#### [ACTIVITY]
Look through the listing below for the line with "Betatakin occupies a" and the line with "Kaza, Milas-Bodrum karayolu". Copy both, along with every line between them, exactly and with no pictures.

#### [DATA UNDER STUDY]
'''

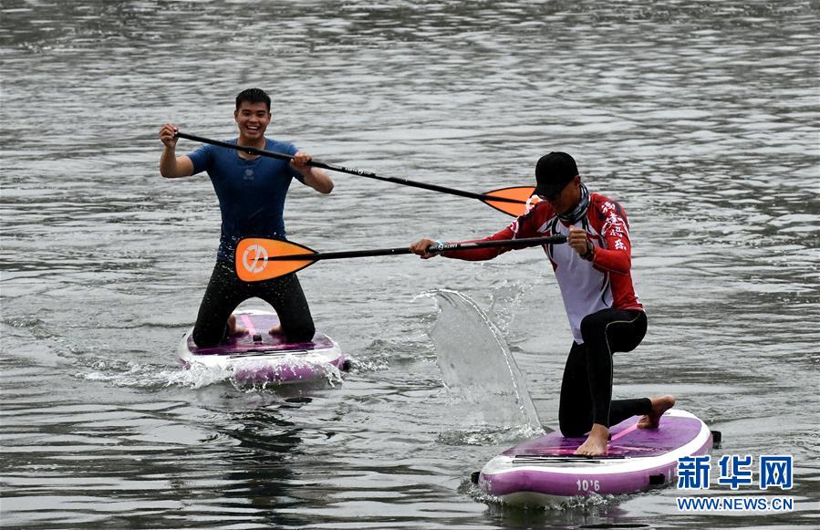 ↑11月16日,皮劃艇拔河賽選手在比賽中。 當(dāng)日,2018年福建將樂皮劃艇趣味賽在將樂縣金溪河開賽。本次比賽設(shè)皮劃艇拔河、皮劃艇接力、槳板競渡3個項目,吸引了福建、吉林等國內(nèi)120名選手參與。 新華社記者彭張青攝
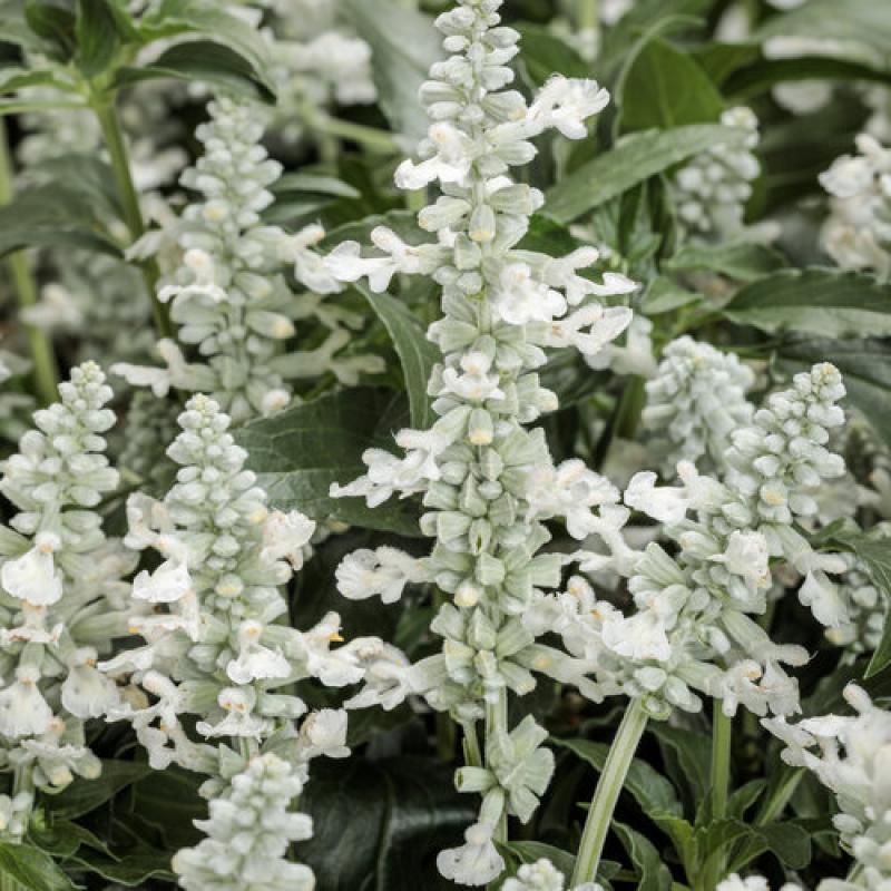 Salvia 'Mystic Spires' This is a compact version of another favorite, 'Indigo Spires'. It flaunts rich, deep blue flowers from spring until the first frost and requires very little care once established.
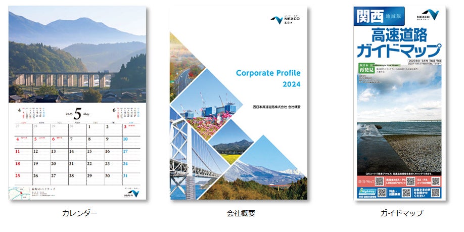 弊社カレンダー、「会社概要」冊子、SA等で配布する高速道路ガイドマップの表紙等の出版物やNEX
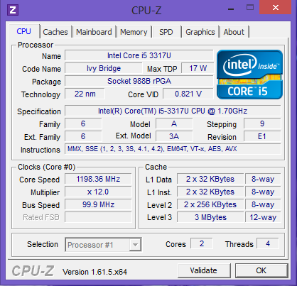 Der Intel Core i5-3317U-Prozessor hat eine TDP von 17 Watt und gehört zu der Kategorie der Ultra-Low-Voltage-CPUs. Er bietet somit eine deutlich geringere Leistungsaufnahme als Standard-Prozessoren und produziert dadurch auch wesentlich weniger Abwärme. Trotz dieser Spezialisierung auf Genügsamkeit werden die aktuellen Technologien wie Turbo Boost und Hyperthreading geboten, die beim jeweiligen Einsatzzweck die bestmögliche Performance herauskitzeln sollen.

'''
'''

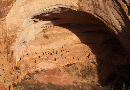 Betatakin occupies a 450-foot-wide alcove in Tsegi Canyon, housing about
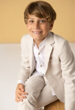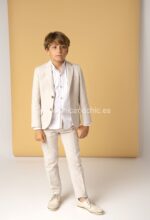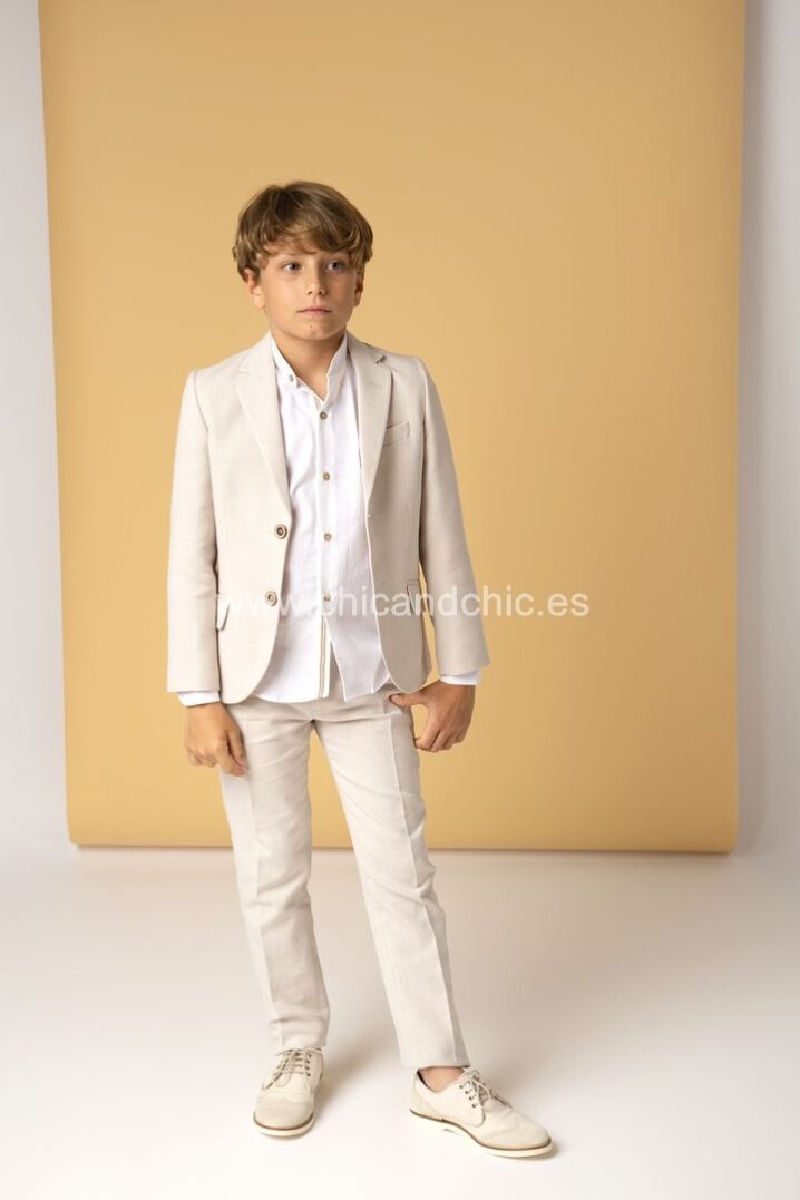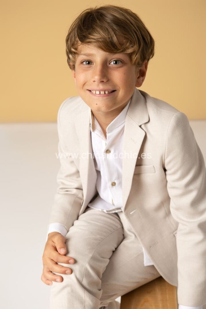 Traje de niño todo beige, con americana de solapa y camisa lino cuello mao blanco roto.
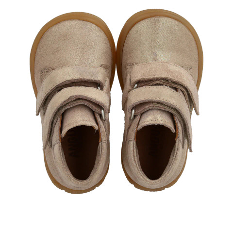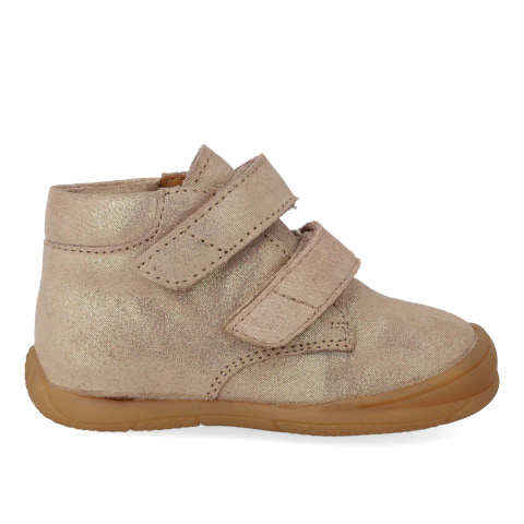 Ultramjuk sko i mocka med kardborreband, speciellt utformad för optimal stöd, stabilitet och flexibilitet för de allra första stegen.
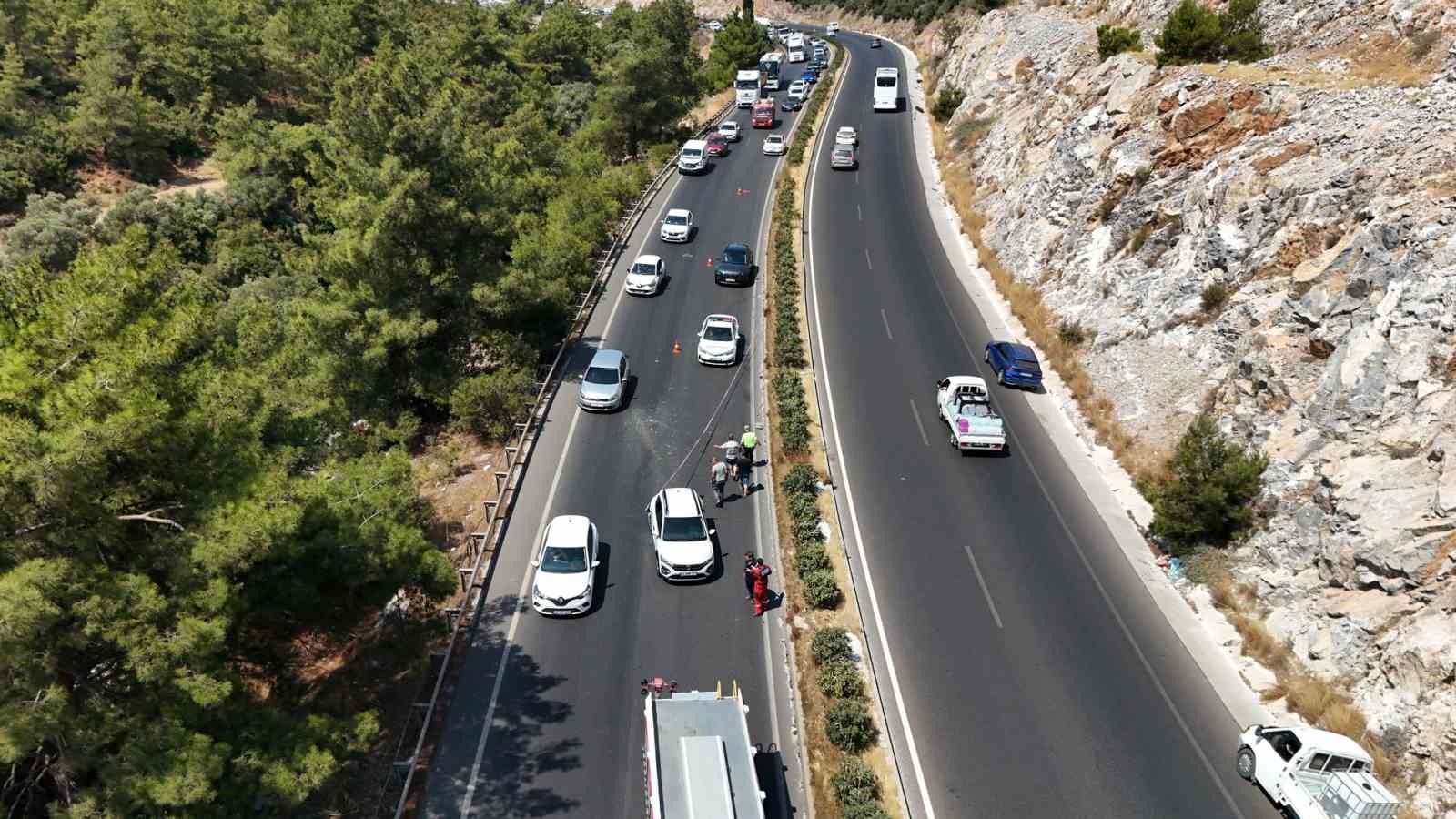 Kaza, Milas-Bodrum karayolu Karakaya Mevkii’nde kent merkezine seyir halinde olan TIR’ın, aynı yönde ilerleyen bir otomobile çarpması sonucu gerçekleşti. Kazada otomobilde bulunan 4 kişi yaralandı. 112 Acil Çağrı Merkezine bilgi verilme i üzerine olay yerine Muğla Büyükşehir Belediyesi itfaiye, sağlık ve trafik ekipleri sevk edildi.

'''

#### [REPLY]
 Betatakin occupies a 450-foot-wide alcove in Tsegi Canyon, housing about
 Traje de niño todo beige, con americana de solapa y camisa lino cuello mao blanco roto.
 Ultramjuk sko i mocka med kardborreband, speciellt utformad för optimal stöd, stabilitet och flexibilitet för de allra första stegen.
 Kaza, Milas-Bodrum karayolu Karakaya Mevkii’nde kent merkezine seyir halinde olan TIR’ın, aynı yönde ilerleyen bir otomobile çarpması sonucu gerçekleşti. Kazada otomobilde bulunan 4 kişi yaralandı. 112 Acil Çağrı Merkezine bilgi verilme i üzerine olay yerine Muğla Büyükşehir Belediyesi itfaiye, sağlık ve trafik ekipleri sevk edildi.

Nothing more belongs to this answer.